Available data ▸
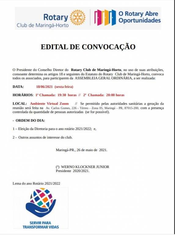 EDITAL DE CONVOCAÇÃO para eleição do Conselho Diretor 2021/2022. A Assembléia Geral será realizada na proxima semana para formalizar a eleição do novo Conselho Diretor
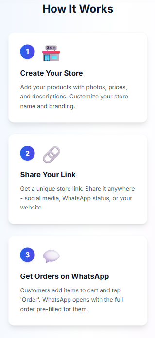 WhatsApp store creator for small businesses in emerging markets (India, Indonesia). Developed using VS Code with AI-assisted coding - combining thoughtful feature design with rapid iteration based on understanding user needs.
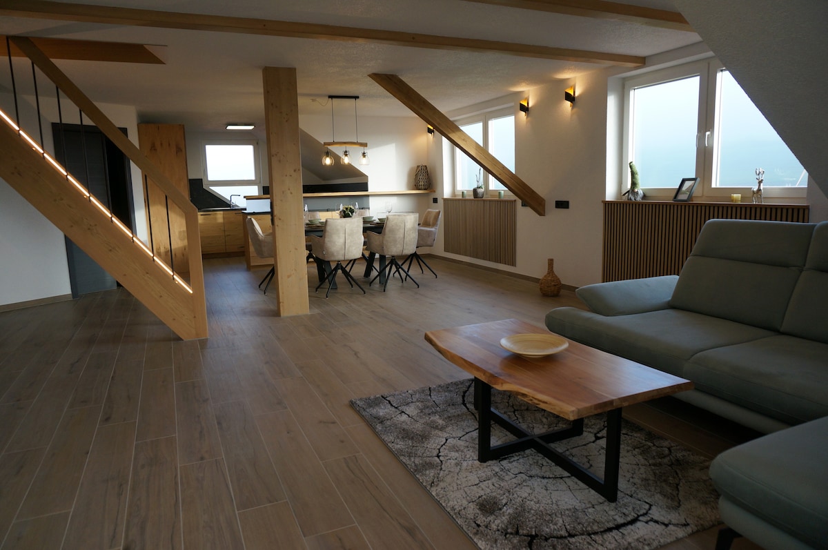 Tá árasán úrnua, nua - aimseartha, ardchaighdeáin agus feistithe go grámhar romhat, rud a fhágfaidh go mbeidh d'fhanacht ina bhuaicphointe. Os comhair an deiscirt, suite ar imeall ciúin an tsráidbhaile agus an mhóinéir, le radhairc lánléargais iontacha ó éirí go luí na gréine. Le balcóin agus leithreas ar leith. Maidir leis an 5ú agus an 6ú duine, is féidir an tríú seomra leapa "Dachstüble" a chur in áirithe sa bhreis do gach ceann de € 15 in aghaidh an P ./ N. Tá sé inrochtana ag an staighre ar an taobh istigh.

Work instructions ▸
All of the data above needs to be retyped exactly, with the pictures removed.

Solution to the exercise ▸
 EDITAL DE CONVOCAÇÃO para eleição do Conselho Diretor 2021/2022. A Assembléia Geral será realizada na proxima semana para formalizar a eleição do novo Conselho Diretor
 WhatsApp store creator for small businesses in emerging markets (India, Indonesia). Developed using VS Code with AI-assisted coding - combining thoughtful feature design with rapid iteration based on understanding user needs.
 Tá árasán úrnua, nua - aimseartha, ardchaighdeáin agus feistithe go grámhar romhat, rud a fhágfaidh go mbeidh d'fhanacht ina bhuaicphointe. Os comhair an deiscirt, suite ar imeall ciúin an tsráidbhaile agus an mhóinéir, le radhairc lánléargais iontacha ó éirí go luí na gréine. Le balcóin agus leithreas ar leith. Maidir leis an 5ú agus an 6ú duine, is féidir an tríú seomra leapa "Dachstüble" a chur in áirithe sa bhreis do gach ceann de € 15 in aghaidh an P ./ N. Tá sé inrochtana ag an staighre ar an taobh istigh.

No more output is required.